Leave the images aside and copy out the whole listing, exact to the word.

Collected data –
^^^^

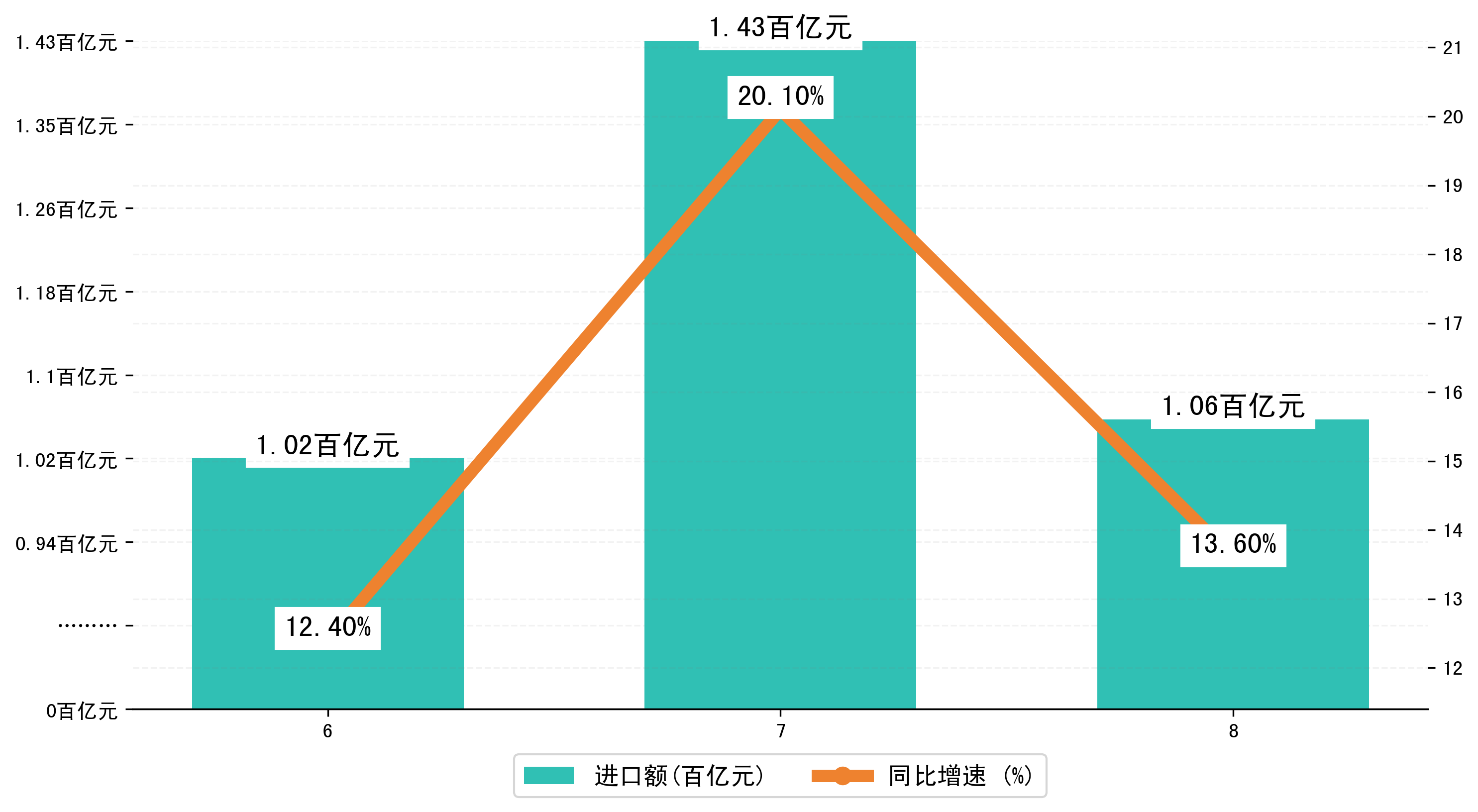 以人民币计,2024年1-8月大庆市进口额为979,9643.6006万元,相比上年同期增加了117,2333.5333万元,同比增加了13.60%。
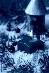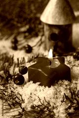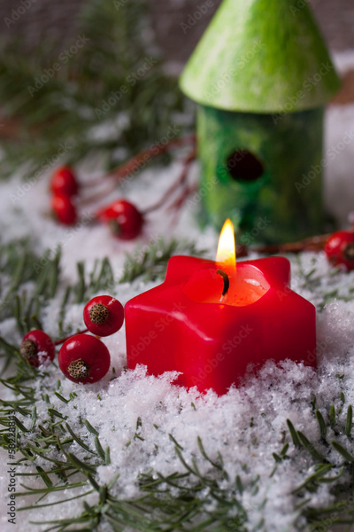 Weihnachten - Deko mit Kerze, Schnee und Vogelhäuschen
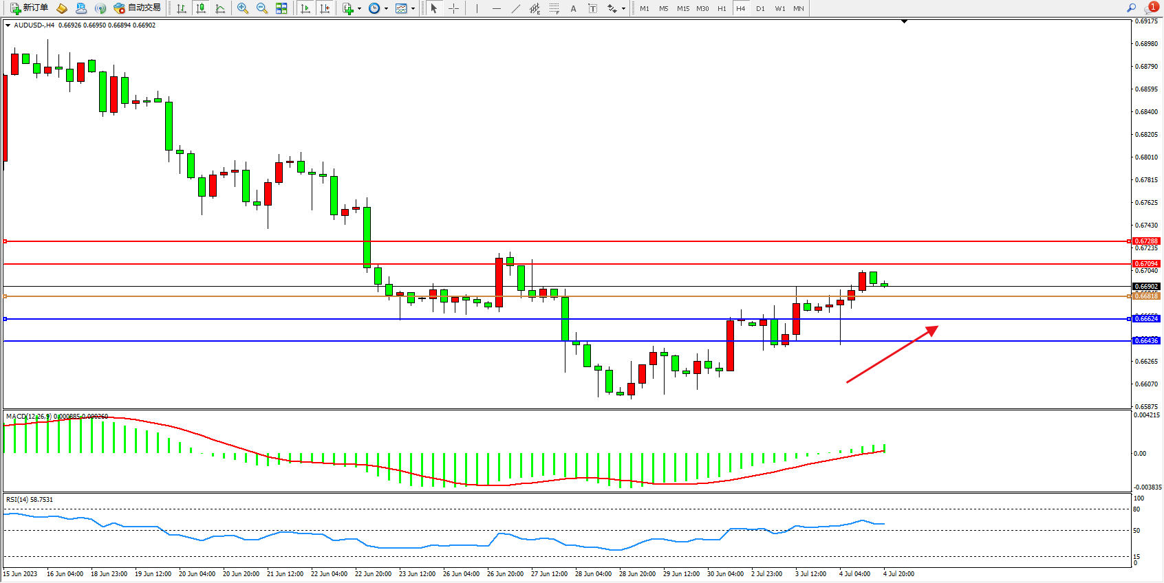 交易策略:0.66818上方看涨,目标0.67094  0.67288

^^^^

Your response –
 以人民币计,2024年1-8月大庆市进口额为979,9643.6006万元,相比上年同期增加了117,2333.5333万元,同比增加了13.60%。
 Weihnachten - Deko mit Kerze, Schnee und Vogelhäuschen
 交易策略:0.66818上方看涨,目标0.67094  0.67288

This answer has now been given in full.